Командир дивизии поднялся на трибуну, чуть склонился, помолчал, словно обдумывал длинное выступление, а сказал одну фразу:
— Всем участникам учения в воскресенье и понедельник — отдых. — Сказал спокойно, с чуть-чуть пробившейся горечью. Затем подошел к генералу и спросил устало: — Вы когда уезжаете?
— Собственно, сейчас. Заеду только проститься с Ларисой Константиновной. Обещал быть.
— Разрешите в таком случае пожелать спокойного пути.
— Голову не вешать! — открыл в улыбке зубы Амбаровский.
— Попробуем. Если разрешите?..
— Ну.
— Берчука так не следовало бы… Если кто и виновен в неудаче полка, то только я и Сердич.
— Выдержит, такая глыба. А фантазии Сердича попридержи. На время, конечно.
Горин ничего не ответил.
Черная «Волга» тронулась, обдав Горина волной дыма. За ней шустро помчался зеленый «козлик» Аркадьева.
Когда машины свернули к Дому офицеров, «Волгу» чуть занесло. Она остановилась, обогнав шедшую к подъезду пару. Генерал вышел из машины. Черные глаза его с любопытством уставились на Сердича, с лица которого сошла мягкая улыбка. «Когда успел? — подумал Амбаровский. — И сколько холодной независимости. Генштабист знает себе цену. Что же, неплохо, если работа пойдет».
— Я к вам, Лариса Константиновна, а вы, наверное, в клуб?
— У нас репетиция.
— А… Если пригласите на концерт, с удовольствием приеду. А сейчас спешу домой.
Лариса Константиновна подала руку, он пожал ее и еще раз глазами пробежал по Сердичу — кажется, этот красавец не без причин поспешил на репетицию.
Когда Горин открыл дверь кабинета, в нем уже стоял Знобин, взъерошенный, злой. Глубоко вздохнув, чтобы немного успокоить себя, он проговорил:
— Знаю вас давно… Но сохранить невозмутимое спокойствие после всего только что услышанного… Не предполагал этого в вас.
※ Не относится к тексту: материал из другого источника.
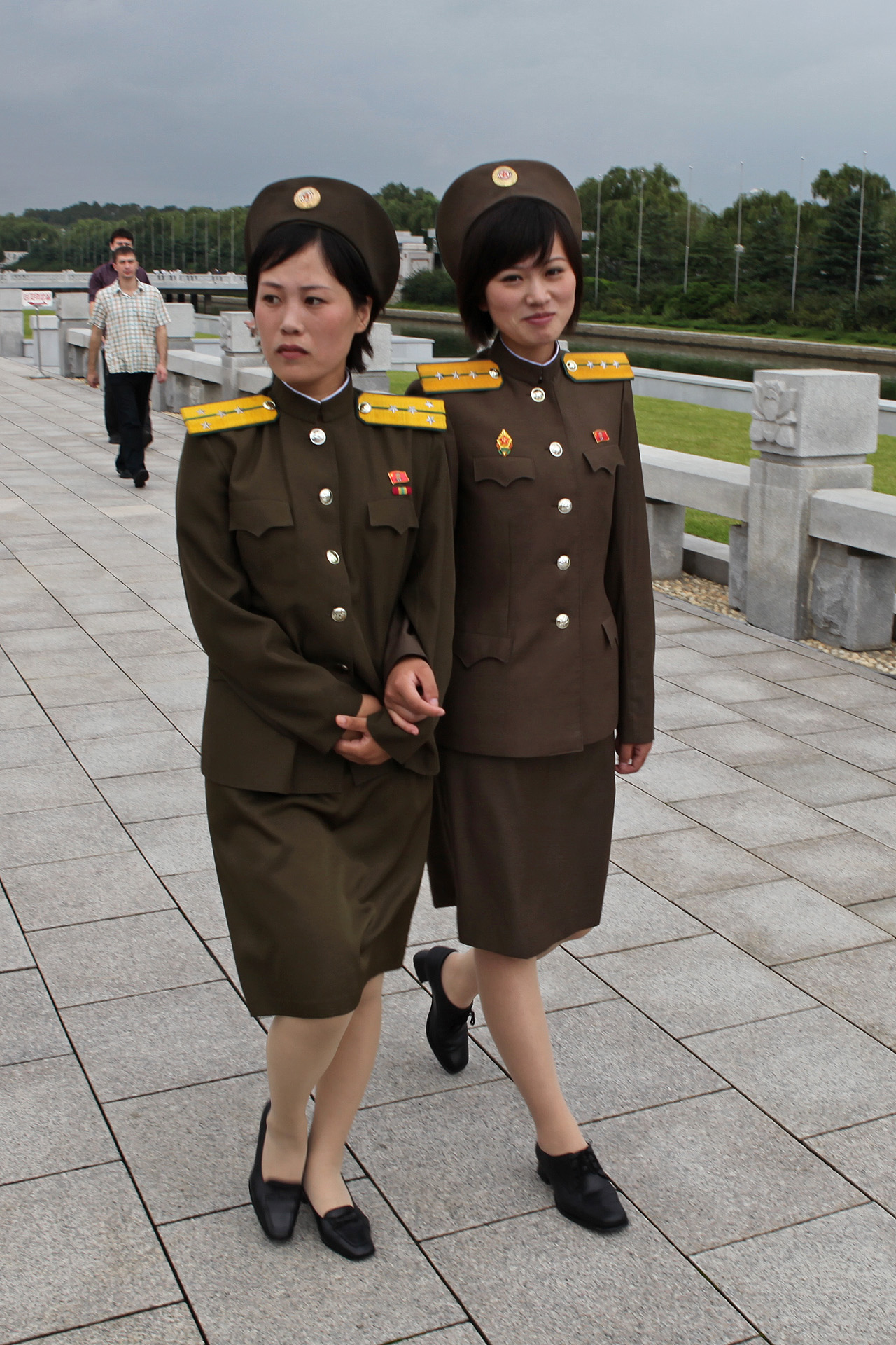 Nice contrast. Sometimes you get a smile, sometimes not. Sometimes both expressions in one picture.

В словах Павла Самойловича Горин услышал неодобрение тому, что он вежливо пожелал Амбаровскому спокойного пути. Возражая больше тоном, Горин ответил:
— Командир при всех обстоятельствах, тем более на виду у подчиненных, должен владеть собой. В трудную минуту это его последний и самый сильный резерв.
— А не учим ли мы такой выдержанностью равнодушию к нарушениям наших святых норм отношений между людьми?
— Думаю, нет. Свои допустимые возражения я высказал, он их выслушал.
— Выскажу и я. В политдонесении, копию которого пошлю в политуправление округа, я напишу о том, что дают проверки наскоком и разборы с пристрастием для людей, работавших не за страх, а за совесть.
Горин сказал, чтобы Знобин это сделал без ненужной спешки, но Знобин понял его иначе и продолжил с еще большей горячностью:
— Не подумайте, что я недоволен тройкой за былые заслуги! Нет. Пусть была бы двойка, но вдумчивая и обстоятельная.
— Надеюсь, ваше донесение не будет написано в таком тоне?
— Постараюсь.
Быстро вошел Амирджанов. Он с трудом сдерживал руки, которые от волнения метались во все стороны.
— С Алексеем Васильевичем плохо.
— Где он? — вскочил Горин.
— У меня в кабинете.
Горин вошел первым. Берчук лежал па диване, грудь его колебалась неровно, с перебоями.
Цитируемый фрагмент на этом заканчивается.